Deka, however, said temporary sheds would be constructed immediately to give shelter to the employees. A committee will supervise the whole matter and decide on the allotment of temporary sheds.

He said other than the employees of the GMCH, no outsider would be allowed to take shelter in the temporary sheds.

Sources said the meeting was convened hurriedly after the GMCH Karmi Sangha threatened to go on a ceasework if they were not rehabilitated immediately.

The employees yesterday gheraoed the office of the superintendent and shouted slogans against the hospital for its failure to provide them with quarters.
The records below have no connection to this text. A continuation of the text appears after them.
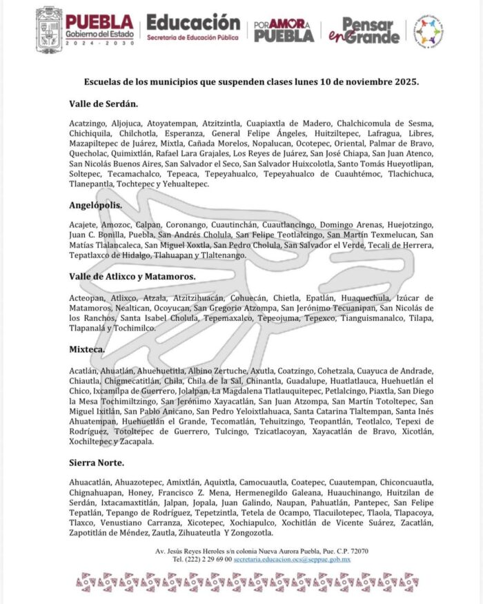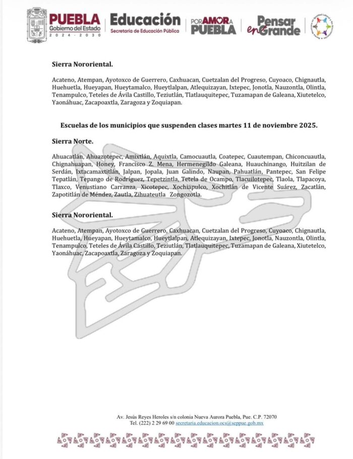 El comunicado agrega que “el martes 11 de noviembre continuarán en suspensión de clases escuelas de las sierras Norte y Nororiental, las clases serán reanudadas de manera presencial el miércoles 12 de noviembre, en el horario habitual”.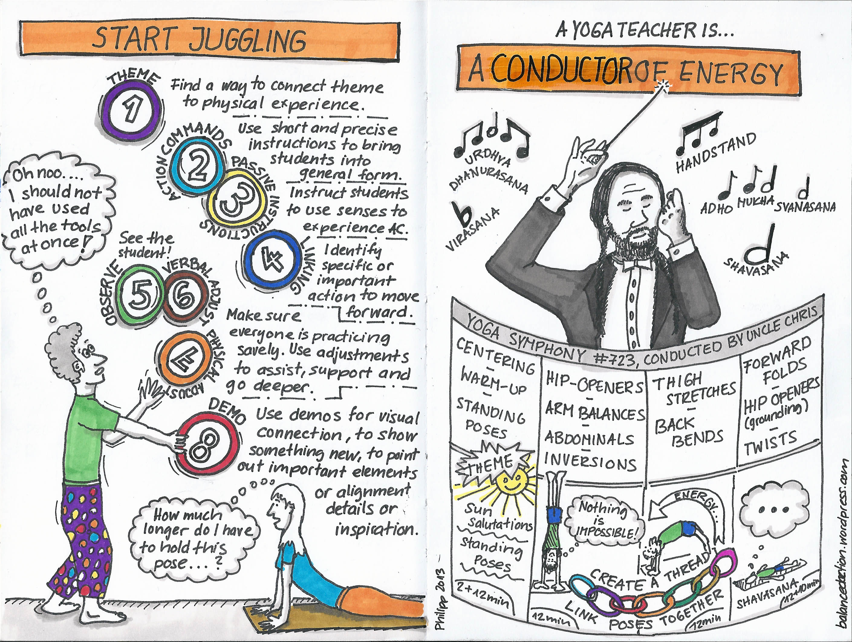 I recently started to create sketchnotes when attending Yoga workshops or trainings. Using words and pictures I can better capture and remember what I learn. Some friends and fellow yogis asked me if I could share my notes, so here they are.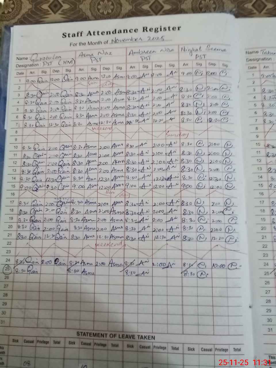 | Leave | Duty | Absent | Maternity | Medical | Ex- Pak |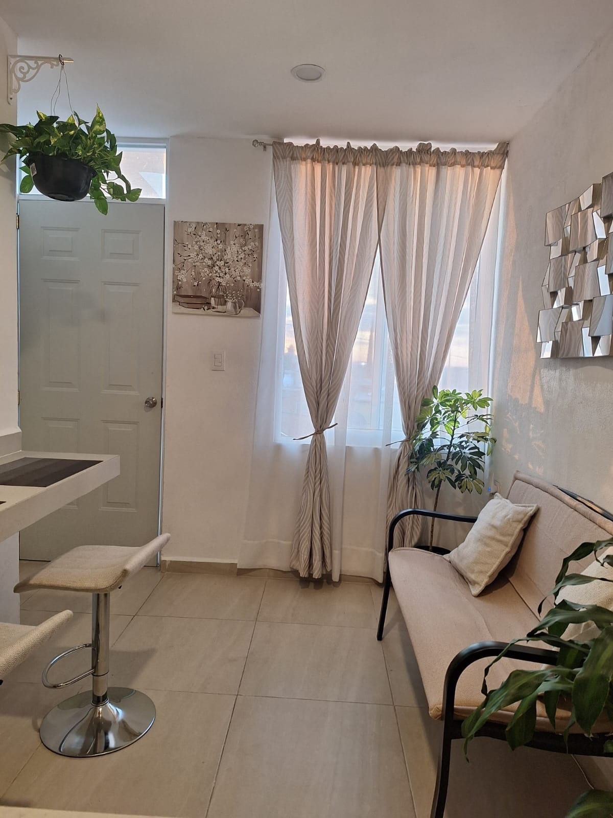 Beautiful suite Boutique concept furnished with antique touch but fully equipped. Heart of the historic center. Beautiful apartment located on pedestrian street in the best location in downtown w/ amazing private rooftop terrace. The apartment sleeps 2 people is fully equipped with private bathroom, kitchen and dining area. Walking distance to everywhere in downtown Queretaro. The place is clean quiet and full of design. Nice terrace Safe box Bathroom Queen size bed Dining room Living room 49

The committee to select sites for the construction of permanent quarters would be consisting of R. Talukdar of GMC Teachers Association, P.N. Talukdar, deputy superintendent of GMCH, Babul Kalita, general secretary of GMCH Karmi Sangha, Akbar Ali Ahmed and Chand Balmiki of Karmi Sangha.

The committee will pick the sites before the monsoons set in.

The meeting appealed to the district administration to evict all the encroachers, including shops and the nearby market, from hospital land.

On the other hand, the administration carried out the eviction drive with full force for the second day today. No untoward incident was reported during the drive.

State health minister Bhumidhar Barman on March 18 asked the deputy commissioner of Kamrup metro, Samir Kumar Sinha, to carry out an eviction drive immediately on hospital land.

The problem of encroachment is so grave at the GMCH that the Medical Council of India on several occasions threatened to de-recognise this premier health institute of the region.

Of the 399 bigha and four katha land allotted to the GMCH by the government in 1972, in the present location, 55 bighas are already under encroachment.

Of the remaining land, the GMCH has given 40 bighas to the Regional Nursing College and five bighas for the construction of a TV transmission tower. Besides, 24 bighas, four kathas and six lessas of land were yet to be handed over to the institution by the government.

Today?s meeting expressed concern over the fact that only the non-teaching staff of the GMCH are occupying land both on the hill top and in the plains that belong to the hospital but several plots were sold out to the outsiders.